Quantum Fisher-information limits of resonant nanophotonic sensors: why high-Q is not optimal even at the quantum limit

TL;DR

This paper develops a quantum metrological framework for nanophotonic sensors, revealing that optimal sensing precision depends on phase shift generators rather than cavity Q-factor, challenging the assumption that high-Q is always best.

Contribution

It introduces a quantum Fisher information analysis for resonant nanophotonic sensors, showing that optimal sensitivity is governed by phase shift generators, not cavity quality factor.

Findings

Optimal estimation precision depends on phase shift generators.

Maximum-Q resonance does not always yield best sensitivity.

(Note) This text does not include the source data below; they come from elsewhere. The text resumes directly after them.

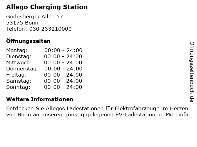 | Öffnungszeiten Allego Charging Station in Bonn anzeigen | |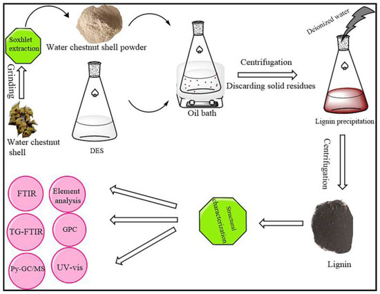 The water chestnut is widely cultivated in several provinces in China. Water chestnut shells (WCSs), as the main by-product in water chestnut production, are mostly incinerated or discarded, resulting in environmental pollution and resource waste. Polysaccharides and polyphenols contained in WCSs have been developed and applied in the pharmaceutical industry, but their high lignin content has been neglected. Furthermore, the natural structural properties and high-value applications of lignin obtained from WCSs have not been fully investigated. Lignin is an aromatic polymer composed of a variety of chemical bonds linked to phenylpropanol derivatives, containing a variety of reactive functional groups, which can be converted into fuels, chemicals, and bio-functional materials [1]. The key to the high-value utilization of lignin is to develop efficient separation methods. Currently, lignin is commonly extracted from lignocellulosic biomass using acids, alkalis, and organic solvents, but these methods operate under harsh conditions, causing environmental problems [2]. Therefore, it is urgent to find an environmentally friendly separation method to develop the lignocellulose refining industry. Recently, many environmentally clean technologies, such as green solvent and supercritical fluid extractions, have been reported for lignin extraction [3,4]. However, these techniques have various drawbacks. For example, the separation of lignin using ionic liquid has attracted attention due to the advantages of a mild separation process and high efficiency, but its high cost and the lack of toxicological data limit its industrial applications [3]. With the discovery of low-cost and easy-to-prepare deep eutectic solvents (DESs) for lignin fractionation [5], the development of green, efficient, and highly selective DES systems has become a research hotspot.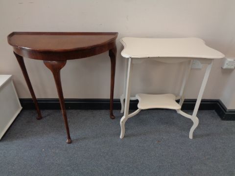 A walnut demi lune console table and a painted occasional table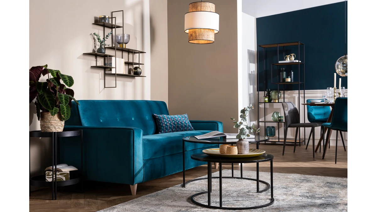 Ce sont ses lignes modernes et son revêtement qui font tout le charme de ce canapé 3 places. Le velours bleu paon est pile dans la tendance et apporte ce rendu doux et élégant qui nous plait tant. Des petits capitons sur le dossier au piètement contrastant en hévéa massif, on aime aussi tous ces petits détails qui rendent ce canapé unique.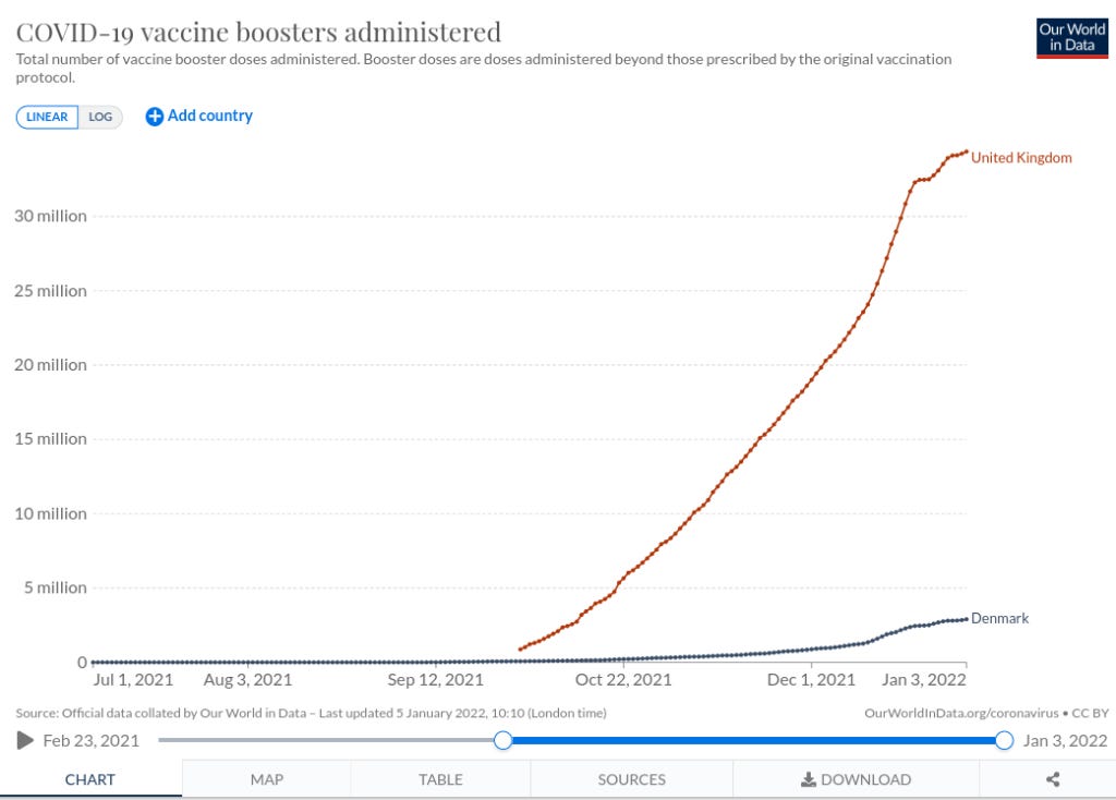 Why did the UK data show increased risk of Omicron infection in the boosted compared to the double-jabbed, while the Danish data showed the converse? Probably because the Brits began their booster program in earnest earlier than the Danes…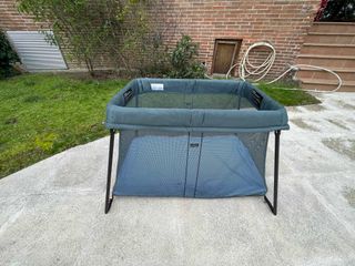 Cuna de viaje BabyBjorn en color azul, con muy poco uso. - Estructura plegable y ligera. - Laterales de malla transpirable. - Incluye colchón. Precio compra ECI 217€ #bugaboo #babyborjn #cunaviaje #puericultura

Quantum resources improve sensitivity without changing optimal geometry.

Abstract

We develop a quantum metrological framework for resonant nanophotonic sensors based on subwavelength Fabry--Perot slit cavities. Building on classical Fisher-information analyses of resonant transmission sensors, we model parameter encoding as a phase-and-loss quantum channel embedded in one arm of a Mach-Zehnder interferometer. We derive the quantum Fisher information (QFI) for coherent and Gaussian probe states under linear loss and show that, even at the quantum limit, optimal estimation precision is governed by the generator of parameter-dependent phase shifts rather than by the cavity quality factor. Consequently, the operating point that maximizes the QFI does not generally coincide with the maximum-Q resonance. Quantum resources enhance sensitivity but do not redefine the optimal geometry. Our results provide physically transparent design principles for quantum-enhanced nanophotonic sensing.